In a study determined that the antioxidant activity of methanolic exract from the leaves and stems of Celtis africana. In leaves extract antioxidant capacity by FRAB method was 695.98 ± 33.47 units of μmol Fe (II) g-1, in the stem extract antioxidant capacity by FRAB method was 407.60 ± 36.86 units of μmol Fe (II) g-1. At a concentration of 0.1 mg / mL the radical scavenging activity of methanolic extract of the leaves reached 64.95%, while at the same concentration, the value for the stem was 89.69%. The methanolic extracts of the leaves and stems of C. africana were fast and effective scavengers of the ABTS radical, the percentage inhibition was 98.8, 98.8, and 99.3% for the leaf extract, stem extract, and BHT respectively at 0.1 mg /mL concentration.25
Phytochemicals are naturally present in many foods.

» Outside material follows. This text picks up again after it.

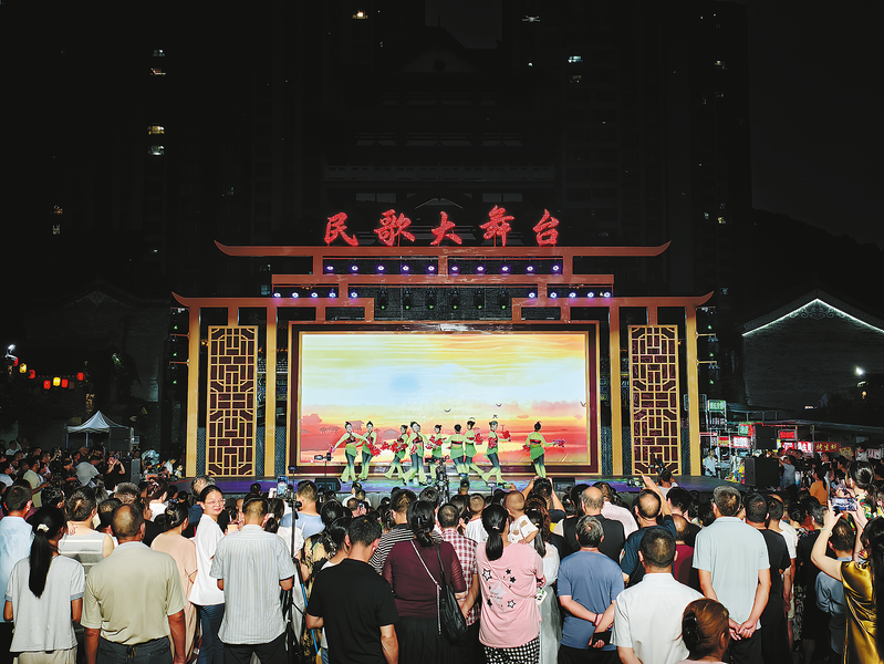 七月二十八日,二〇二五年“四季村歌”陕西省示范展示活动“商南民歌大家唱”活动在商南县古城西街商圣广场举行,由商南县文化馆、县剧团演员带来的《丹江号子·划船调》《花棍飞舞幸福多》等节目轮番上演,立体呈现了商南民歌非遗文化的独特魅力,为现场观众带来了一场视听盛宴。 (本报通讯员 李行摄)

Celtis Tournefortii has includes a lot of components. Their consumption may many benefits to health. Celtis Tournefortii, owing to the availably of vitamin C, phenolic, carotenoids, flavonoids and mineral like, potassium, nitrogen, magnesium, calcium, may be used as a dietary supplement.
Next we will study in vivo antioxidant activity. This will increase the importance of studying.